Next, organize a system of model training loops. The number of iterations of the outer loop is determined by the external parameter of the Expert Advisor.

   bool StopFlag = false;
   for(int iter = 0; (iter < Iterations && !IsStopped() && !StopFlag); iter ++)
     {
      int tr_p = SampleTrajectory(probability);
      int tr_m = SampleTrajectory(probability);
      while(tr_p == tr_m)
         tr_m = SampleTrajectory(probability);

In the loop body, we sample two trajectories as positive and negative examples. To comply with the principles of maximum objectivity, we control the selection of 2 different trajectories from the experience replay buffer.

Obviously, simple sampling does not guarantee the choice of the positive trajectory first, and vice versa. Therefore, we check the profitability of the selected trajectories and, if necessary, rearrange the pointers to the trajectories in the variables.

      if(Buffer[tr_p].Profit < Buffer[tr_m].Profit)
        {
         int t = tr_p;
         tr_p = tr_m;
         tr_m = t;
        }

Further, the OPPO algorithm requires training of a preference model in the direction from a negative trajectory to a preferred one. At first glance it may look easy and obvious. But in practice, we are faced with several pitfalls.

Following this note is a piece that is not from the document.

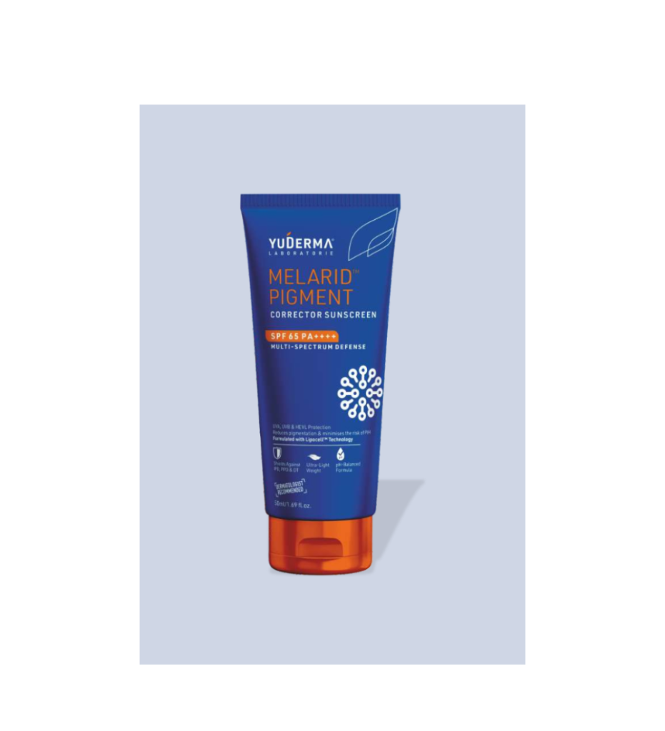 MELARID PIGMENT Corrector Sunscreen offers SPF 65 PA++++ protection while reducing dark spots and promoting an even skin tone.
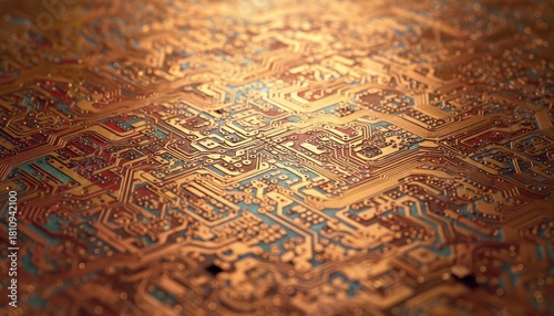 © MEO, Fototapeta premium Detailed Close Up of a Complex Golden Circuit Board Pattern

To generate all trajectories, we used one segment of historical data. Therefore, information about price movement and the values of the analyzed indicators for all trajectories will be identical. But the situation is different for other analyzed parameters. I'm talking about the account status, open positions and, of course, the Agent's actions. Therefore, to ensure the correct propagation of the error gradient, we need to sequentially run the feed-forward pass for states from both trajectories.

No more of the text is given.